+++ Data records +++

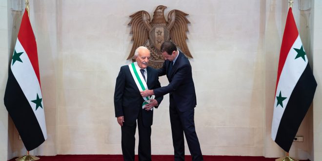 El presidente Bashar Al-Assad, otorgó la Medalla al Mérito Sirio de excelente grado al general Ali Aslan como reconocimiento a su carrera militar, su heroísmo en campos de guerra y sus continuos aportes a la patria durante siete décadas.
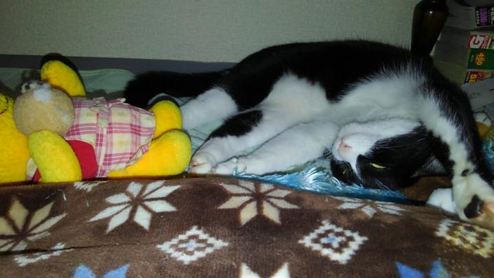 暑さのためか多少の腹式呼吸の荒らさみられ、画像の様にネムネムですが、元気そうです!
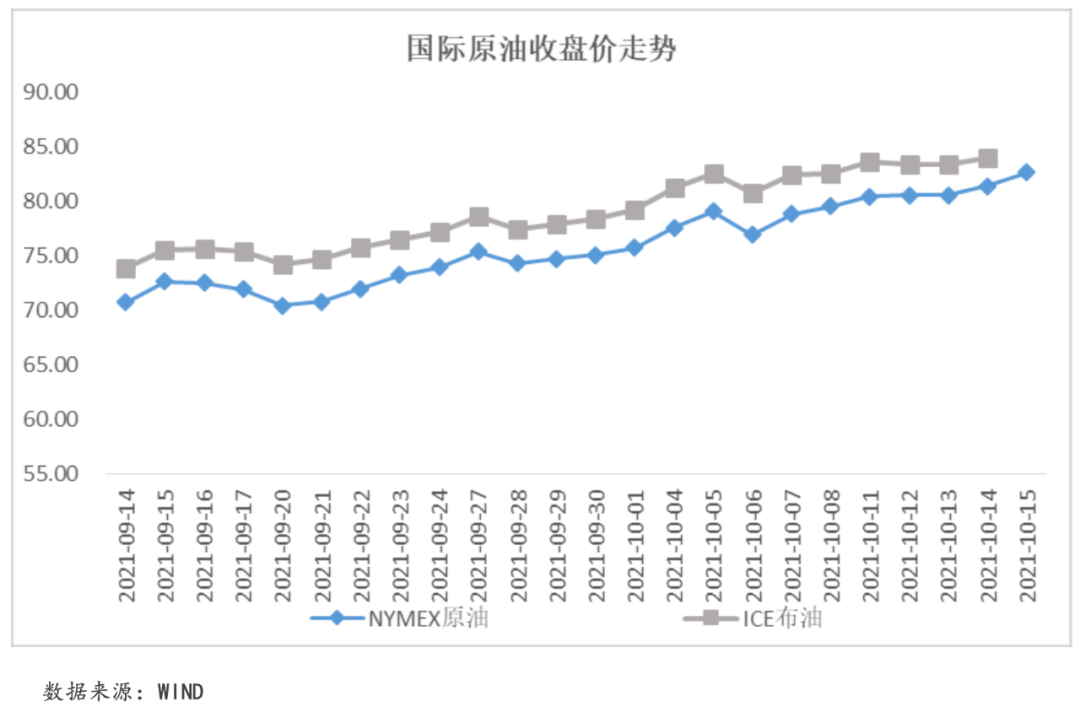 本周,國際原油市場供需失衡仍在持續(xù),國際原油價(jià)格延續(xù)上漲趨勢。從需求端看,全球經(jīng)濟(jì)復(fù)蘇導(dǎo)致工業(yè)需求強(qiáng)勁,同時(shí)由于近期飆升的煤炭和天然氣價(jià)格推升電力價(jià)格,導(dǎo)致工業(yè)生產(chǎn)由清潔能源向化石能源轉(zhuǎn)移,疊加各國放開旅行限制、北半球冬季來臨因素影響,原油需求大幅上漲。截至本周五收盤,NYMEX原油價(jià)格收于82.66美元/桶,周內(nèi)累計(jì)收漲3.86%,突破80美元/桶關(guān)口;ICE布油價(jià)格收于84.92美元/桶,周內(nèi)累計(jì)收漲2.75%,周內(nèi)一度突破85美元/桶關(guān)口。
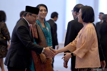 Menteri Keuangan Sri Mulyani (kanan) memberikan ucapan kepada anggota Dewan Komisioner OJK Ex-Officio Kementerian Keuangan Suahasil Nazara (kiri) usai pengucapan sumpah jabatan di Mahkamah Konstitusi, Jakarta, Senin (13/1/2020). Suahasil menggantikan Wamenkeu sebelumnya, yakni Mardiasmo yang masa jabatannya habis tahun lalu. ANTARA FOTO/Puspa Perwitasari/pras.
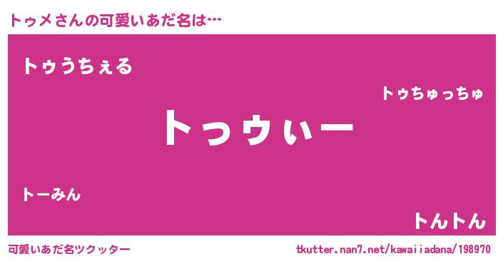 | 意味不明あだ名 | 『とにかく怪しいトゥメ』『自称トゥメ』 |
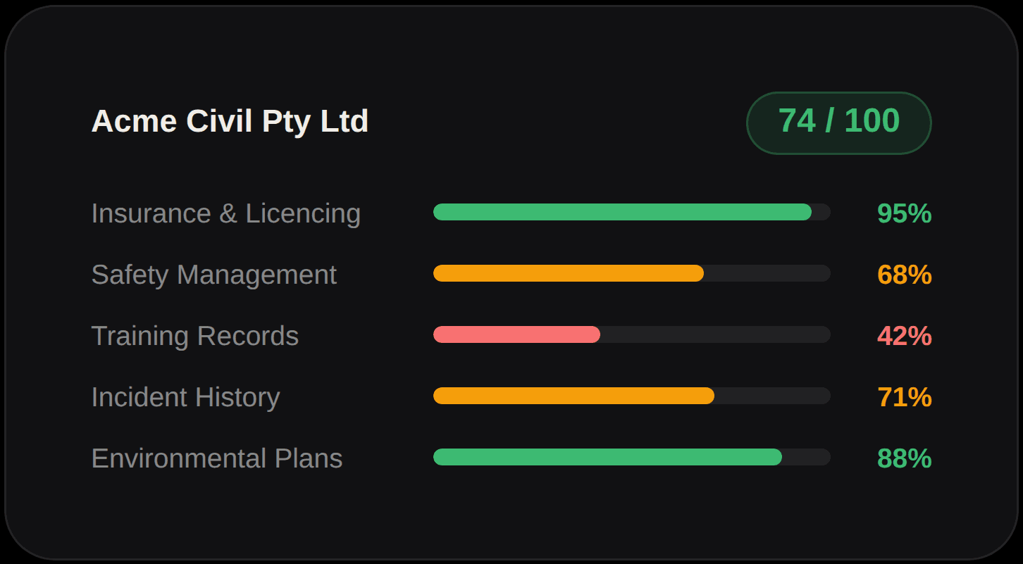 Screens contractors for QHSE compliance across every relevant category - from insurance to training records - and generates structured corrective plans for any gaps.
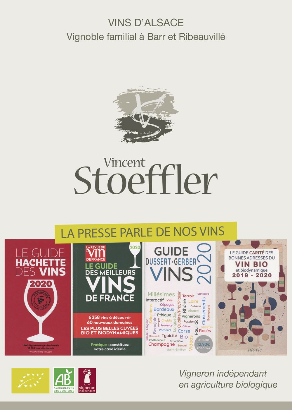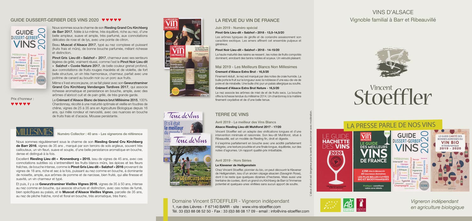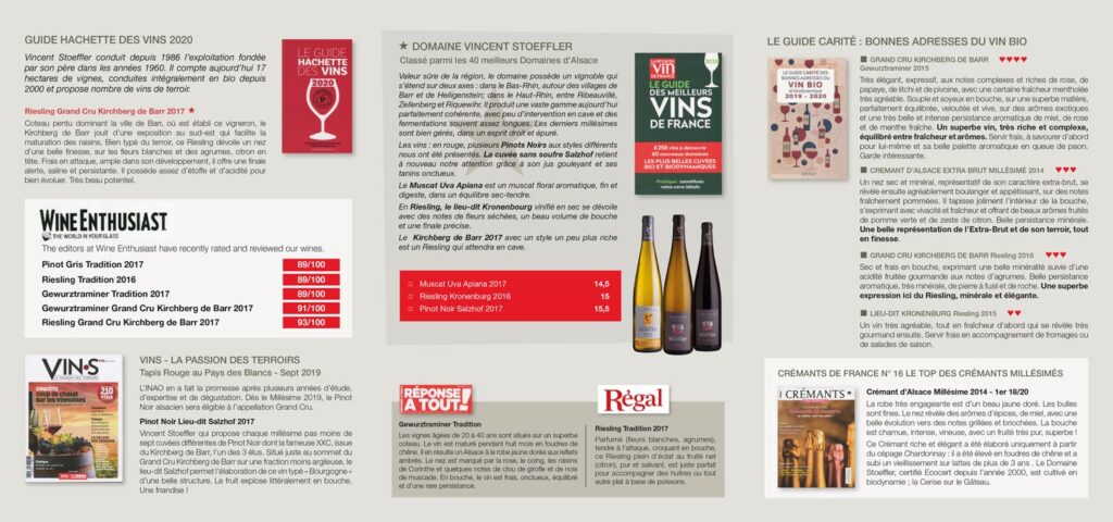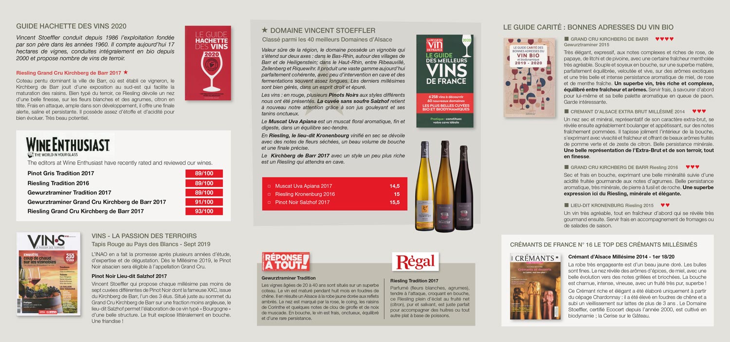 GUIDE HACHETTE DES VINS 1 étoile pour le Riesling Grand Cru Kirchberg de Barr 2017 DUSSERT-GERBER Prix d’honneur pour le Domaine Vincent Stoeffler de Barr GUIDE DES MEILLEURS VINS DE FRANCE, Le Domaine classé parmi les 40 meilleurs domaines d’Alsace GUIDE CARITÉ, 4 cœurs pour le Gewurztraminer Grand Cru Kirchberg de Barr 2015 …
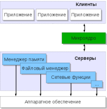 Клиент-серверная архитектура ОС основана на минимизации количества функций, выполняемых ядром (точнее, микроядром) такой системы. Например, на уровне ядра выполняются только планировщик, примитивы синхронизации и служба сообщений. Вся остальная функциональность выносится на пользовательский уровень и реализуется через серверы. Приложения-клиенты обращаются к ним и получают от них ответы путем обмена сообщениям через службу сообщений уровня ядра.
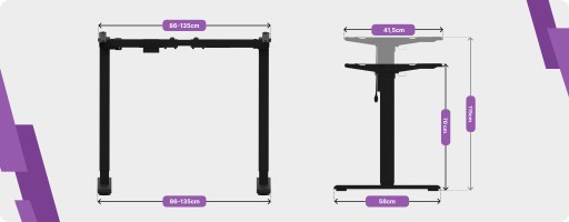 Konstrukcja stelaża elektrycznego do biurka SPE-139 posiada regulowaną szerokość którą można zmieniać w zakresie od 86 do 135cm. Dzięki takim parametrom sugerujemy zastosować blat o szerokości od 90 do 140cm. Dodatkowo biurko można regulować w płaszczyźnie pionowej a jego zakres regulacji wynosi od 70 do 115cm.
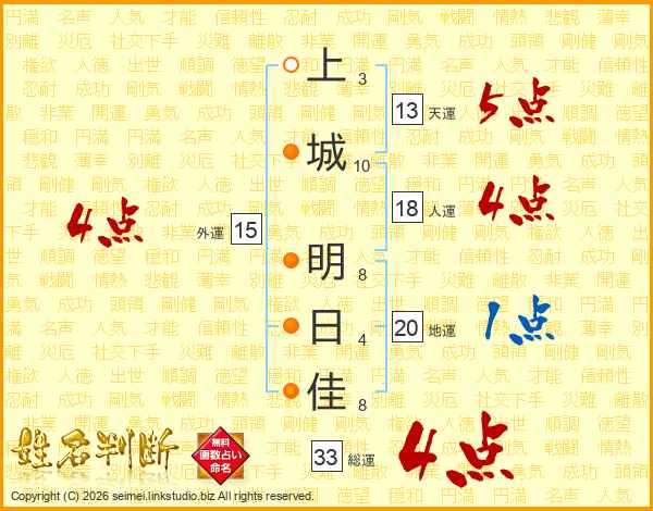 上(3画)城(10画) 明(8画)日(4画)佳(8画)
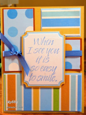 Stamps: To Smile (Penny Black) Paper: Bashful Blue, Pumpkin Pie, So Saffron, white, Nana’s Kids (DCWV) Ink: Bashful Blue Accessories: Bluebird ribbon (Stampin’ Up), dimensionalsThis was a quick card once I decided on all the colors. Think about a simple layout like this when you have a saying you want to use without an image. Thanks for looking and have a great day!

+++

* _Work to be completed_
A faithful copy of every record is needed here. Leave the images out of it.

* _Answer section_
 El presidente Bashar Al-Assad, otorgó la Medalla al Mérito Sirio de excelente grado al general Ali Aslan como reconocimiento a su carrera militar, su heroísmo en campos de guerra y sus continuos aportes a la patria durante siete décadas.
 暑さのためか多少の腹式呼吸の荒らさみられ、画像の様にネムネムですが、元気そうです!
 本周,國際原油市場供需失衡仍在持續(xù),國際原油價(jià)格延續(xù)上漲趨勢。從需求端看,全球經(jīng)濟(jì)復(fù)蘇導(dǎo)致工業(yè)需求強(qiáng)勁,同時(shí)由于近期飆升的煤炭和天然氣價(jià)格推升電力價(jià)格,導(dǎo)致工業(yè)生產(chǎn)由清潔能源向化石能源轉(zhuǎn)移,疊加各國放開旅行限制、北半球冬季來臨因素影響,原油需求大幅上漲。截至本周五收盤,NYMEX原油價(jià)格收于82.66美元/桶,周內(nèi)累計(jì)收漲3.86%,突破80美元/桶關(guān)口;ICE布油價(jià)格收于84.92美元/桶,周內(nèi)累計(jì)收漲2.75%,周內(nèi)一度突破85美元/桶關(guān)口。
 Menteri Keuangan Sri Mulyani (kanan) memberikan ucapan kepada anggota Dewan Komisioner OJK Ex-Officio Kementerian Keuangan Suahasil Nazara (kiri) usai pengucapan sumpah jabatan di Mahkamah Konstitusi, Jakarta, Senin (13/1/2020). Suahasil menggantikan Wamenkeu sebelumnya, yakni Mardiasmo yang masa jabatannya habis tahun lalu. ANTARA FOTO/Puspa Perwitasari/pras.
 | 意味不明あだ名 | 『とにかく怪しいトゥメ』『自称トゥメ』 |
 Screens contractors for QHSE compliance across every relevant category - from insurance to training records - and generates structured corrective plans for any gaps.
 GUIDE HACHETTE DES VINS 1 étoile pour le Riesling Grand Cru Kirchberg de Barr 2017 DUSSERT-GERBER Prix d’honneur pour le Domaine Vincent Stoeffler de Barr GUIDE DES MEILLEURS VINS DE FRANCE, Le Domaine classé parmi les 40 meilleurs domaines d’Alsace GUIDE CARITÉ, 4 cœurs pour le Gewurztraminer Grand Cru Kirchberg de Barr 2015 …
 Клиент-серверная архитектура ОС основана на минимизации количества функций, выполняемых ядром (точнее, микроядром) такой системы. Например, на уровне ядра выполняются только планировщик, примитивы синхронизации и служба сообщений. Вся остальная функциональность выносится на пользовательский уровень и реализуется через серверы. Приложения-клиенты обращаются к ним и получают от них ответы путем обмена сообщениям через службу сообщений уровня ядра.
 Konstrukcja stelaża elektrycznego do biurka SPE-139 posiada regulowaną szerokość którą można zmieniać w zakresie od 86 do 135cm. Dzięki takim parametrom sugerujemy zastosować blat o szerokości od 90 do 140cm. Dodatkowo biurko można regulować w płaszczyźnie pionowej a jego zakres regulacji wynosi od 70 do 115cm.
 上(3画)城(10画) 明(8画)日(4画)佳(8画)
 Stamps: To Smile (Penny Black) Paper: Bashful Blue, Pumpkin Pie, So Saffron, white, Nana’s Kids (DCWV) Ink: Bashful Blue Accessories: Bluebird ribbon (Stampin’ Up), dimensionalsThis was a quick card once I decided on all the colors. Think about a simple layout like this when you have a saying you want to use without an image. Thanks for looking and have a great day!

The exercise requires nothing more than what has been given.